ある年の秋です。青空が広がり、気持ちの良い風が吹いている
日でした。遊歩道を行き交う人もみんなゴキゲンな表情です。
そんななか、おそらく私は一人だけ暗い顔をして自転車を漕いで
いたのだと思います。・・・何冊書いても成果が出ないというのは
本当に苦しいことで、どんどん煮詰まっていきます。そういう時は
無性に外の光を浴びたくなるんですね。だからこそ多摩川べりを
自転車で走るわけですが、青空に見とれるのはほんの数分で、
しばらくするとまた心のなかでつまらない言葉をささやき始める
のです。

「運もなけりゃ、才能もない。
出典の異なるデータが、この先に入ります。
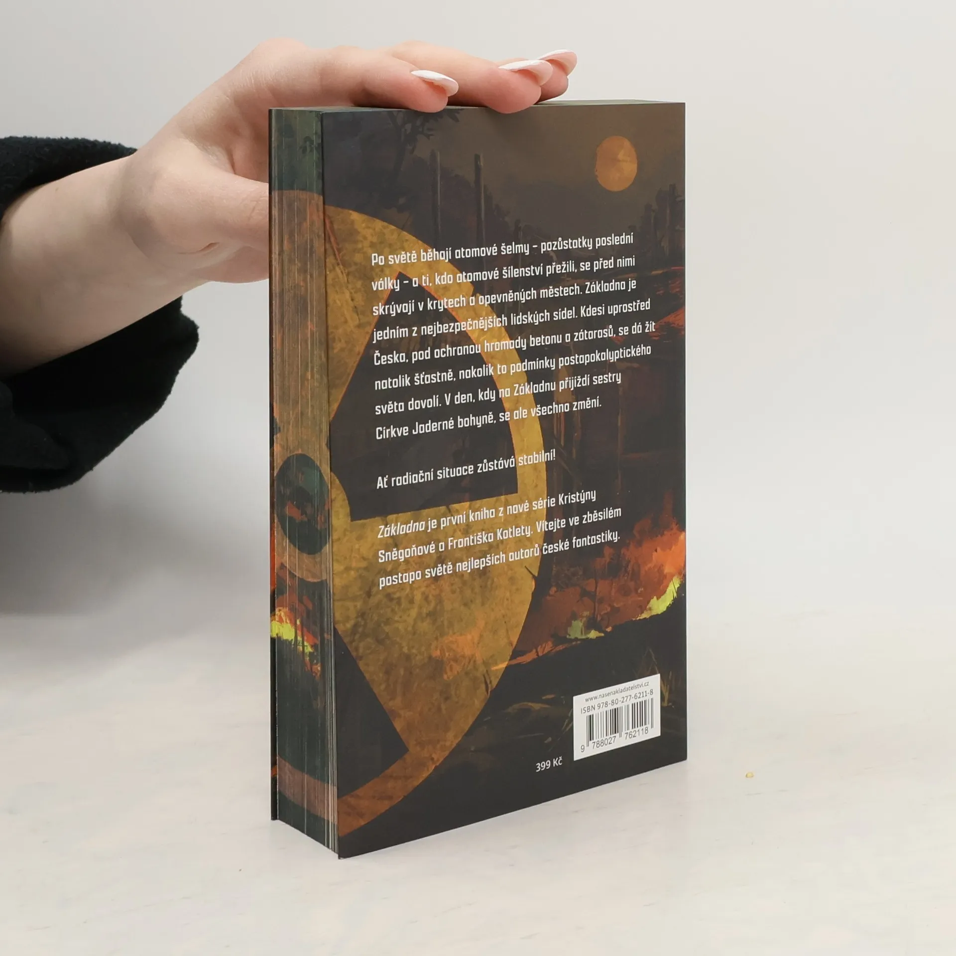 Po světě běhají atomové šelmy – zmutovaní lidé, pozůstatky poslední války –, a ti, kdo atomové šílenství přežili bez mutací, se před nimi skrývají v krytech a opevněných městech. Základna je jedním z nejbezpečnějších lidských obydlí. Kdesi uprostřed Česka, pod ochranou hromady betonu a zátarasů, se dá žít natolik šťastně, nakolik to podmínky postapokalyptického světa dovolí. V den, kdy na Základnu přijíždí sestry Církve Jaderné bohyně, se ale všechno změní. Ať radiační situace zůstává stabilní! Základna je první kniha z nové série Kristýny Sněgoňové a Františka Kotlety. Vítejte ve zběsilém postapo světě nejlepších autorů české fantastiky.

やめてしまえ。すべてやめてしまえ」
「お前が何を書いたところで読んでくれる人なんているはずがな
いだろう」
「俺はもう社会から淘汰されてしまったに違いない・・・」

肉体から湧いてくるかのごとく、こんな言葉が次々と出てくるの
です。溜め息もずいぶんと交じります。それで、目の前だけを見
ながら自転車を進めました。調布市から府中市へと入り、府中
郷土の森を抜けてさらに上流へと向かっていた時でした。

なにげなく、左側の川のほうを見たんですね。そうすると、ここは
広大な河川敷があるんですが、何万というコスモスが揺れてい
ました。太陽の光がコスモスの花や葉っぱで無数に拡散され、
「燦爛たる」という表現がぴったりの風景がそこにありました。
 
その時に、なんとなく私は聞こえたような気がしたんです。

コスモスたちが、生命としてこちらを見てくれている。ささやき
かけている。

「あなたはしばらく社会からはずれてしまうだろう。人間の世界
は今、あなたを必要としない。でも、季節は巡る。私たちがつい
ているよ。がんばれ、負けるな。創作を続けなさい。なんちゃって」

すべてのコスモスが、こっちを向いて手を振ってくれているので
す。本当はただ風に揺れているだけなんですけれども、どう見
ても私を応援してくれているようにしか見えないんですね。

(中略)

河川敷の生き物たち、コスモスの群生からもらったものは、・・・
豊かで、暖かで、笑顔の底にあるような、ほんのりと愉快ななに
かです。TAOを感じるとは、あの一瞬に凝縮された感覚、生き物
の種さえ超越して共有できる大きな力なのかもしれません。